In June 1993, MCA released BDD’s second studio effort, Hootie Mac, produced by band members and Chris Stokes (Destiny’s Child, B2K), L.A. Reid (Shalamar, Sheena Easton) and Babyface (Bobby Brown, Toni Braxton), among others. Though not nearly as successful as the debut, the album sold over 500,000, hit #3 on the Billboard Hot R&B/Hop-Hop Albums chart, #19 in the Billboard 200 and #3 in the ARIA’s Australian Albums chart. Two singles, “Something in Your Eyes” and “Above the Rim,” cracked the Billboard Hot 100.

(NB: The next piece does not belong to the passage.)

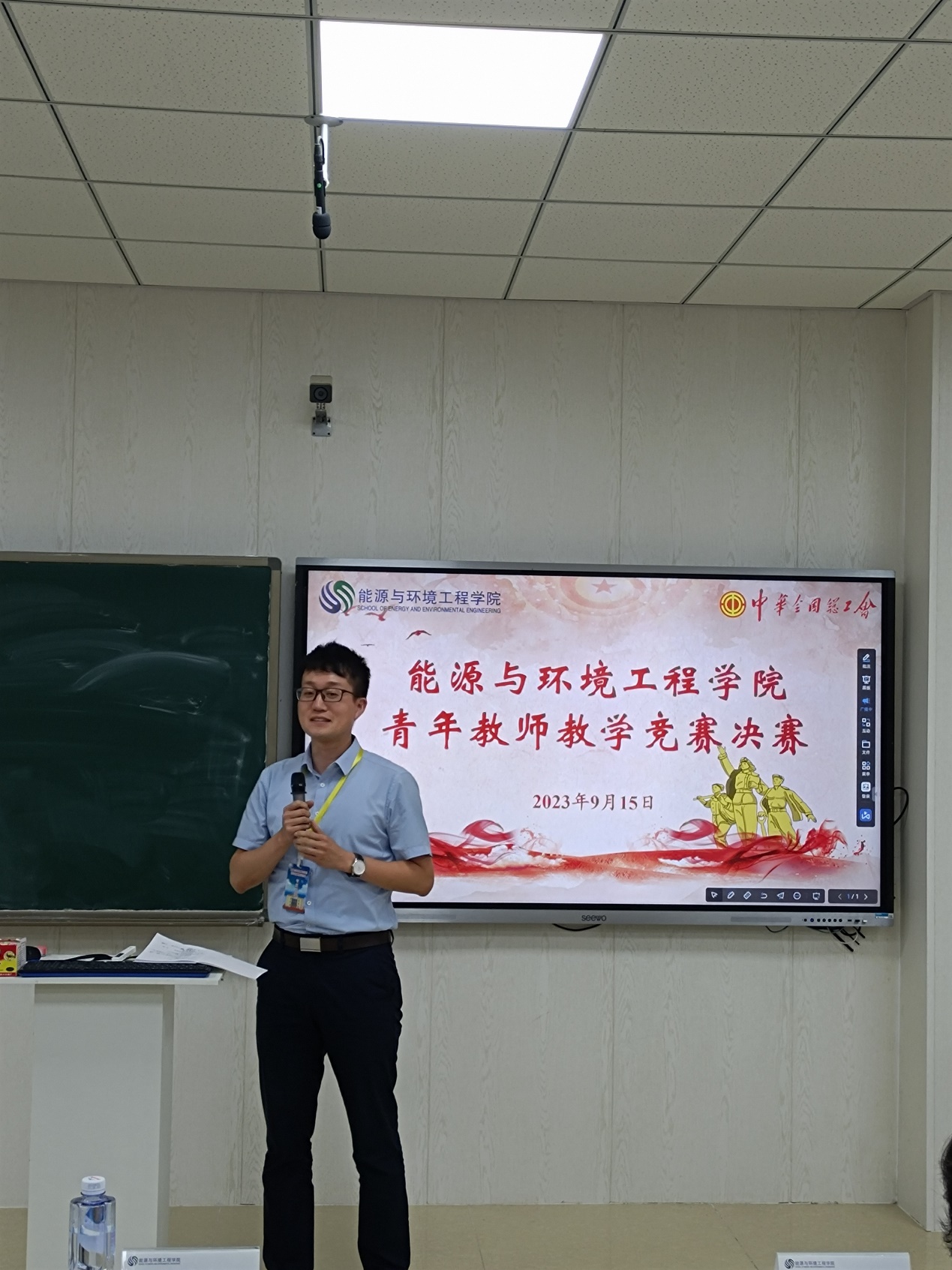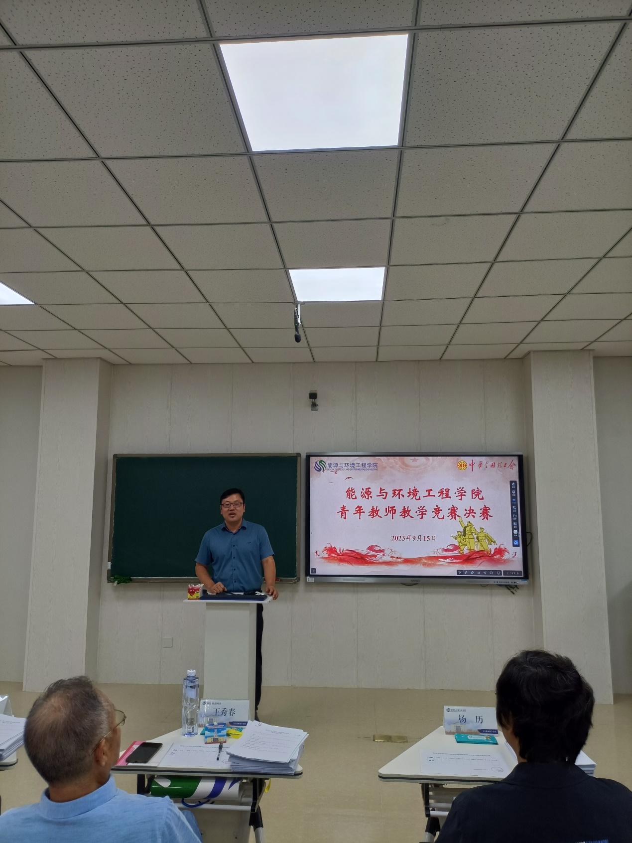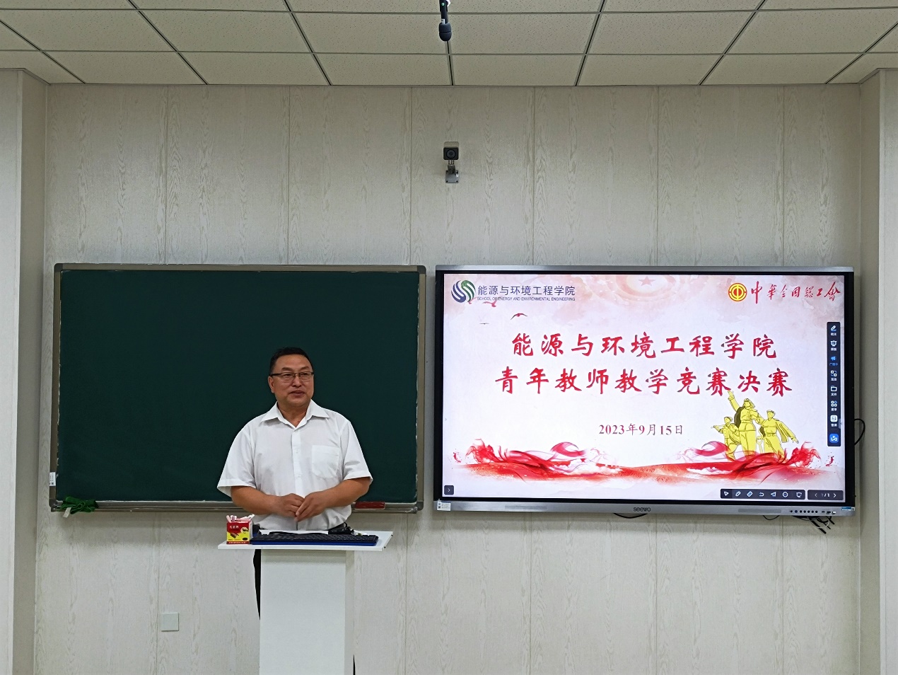 为大力弘扬劳模精神、劳动精神、工匠精神,进一步激发青年教师更新教育理念和掌握现代教学方法的热情,着力提升思想政治素质和教学能力水平。按照校工会通知文件精神“h视频 2023年度青年教师教学竞赛决赛”暨“河北工业大学第十七届青年教师教学竞赛选拔赛”于9月15日下午在北辰校区智慧教室C103成功举办。校工会主席赵全明、院党委书记张慧川和院党委副书记兼副院长张茜茜莅临赛场并给予指导,全院40岁以下的青年教师进行了观摩学习,决赛由青教赛组委会主任王敏达主持。

After a nearly seven-year break from the studio, during which BDD toured the globe and appeared in New Edition reunion concerts, the trio recorded BDD, released in December 2001 on their own label, Biv 10 (a joint venture with Motown) and Universal Records. The 11-track disc failed to generate any hits and took a nasty beating in the press for its lack of originality and nuance. In his review for Vibe, Barry Walters wrote that the album “sounds more like contract fulfilment than musical inspiration” and that the lewd-but-clever lyrics on Poison had morphed in boringly, sometimes laughably, explicit ones. “The ‘hardcore-playa’ front BBD erect to mask their pop past is just another bad creation,” he wrote.

Three Stripes

In January 2017, the same week that BET aired the first episode of the three-part miniseries The New Edition Story, Entertainment One issued BDD’s fourth and latest album, Three Stripes. Credited to over 20 producers including Carvin & Ian (Justin Timberlake), Battlecat (Tupac Shakur, Snoop Dog), KayGee (Run-DMC, Queen Latifah), Lil’ Ronnie (R. Kelly) and LRoc (Janet Jackson, Mariah Carey), it was a dramatic commercial turnaround from its predecessor, going to #1 in the Billboard Independent Albums chart, #10 in the Hot R&B/Hip-Hop Albums chart and #18 in the Billboard 200. The first single, “Run” reached #7 in the Billboard Adult R&B Airplay chart and #40 in the Billboard R&B/Hip-Hop Airplay chart; the second, “Finally,” made it to #18 on the Adult R&B Airplay listing.

Comments on Poison

In a May 2020, three decades years after the release of Poison and its iconic title track, DeVoe said the most satisfying thing about having recorded both is that they’re still being played. “Initially, [the producers] wanted us to be a little bit more R&B, like New Edition. We felt like, ‘Nah, now it’s time for us to do a different version of New Edition,’” he said on the YouKnowIGotSoul podcast. “I knew when I first heard the snare drum on ‘Poison’ that we were going to be all right. Thirty years later, we’re still banging it. You can go to the 50-plus club, which I’m a part of, and ‘Poison’ is still banging. You can go to the 18-plus spot and ‘Poison’ is still banging – just as loud!”

Comments on Longevity

Asked in the same interview how members of BBD and New Edition have been able to stay popular for over 40 years, DeVoe said it’s the result of hard work, nothing more and nothing less. “Honestly, when people ask me that, I look to something we did a whole lot of before the light was shined on us: rehearse. Two hours a day, five times a week, sometimes three hours after homework was done,” he said. “I think that performance value and everything that we’ve poured into ourselves has allowed us to stand the test of time. That allowed us to have The New Edition Story and break records with 30 million viewers.”

“Now everybody wants to do some type of story as far as their livelihood,” he added. “Not to say that we were the first to do it, but we really put in the work – some real work!”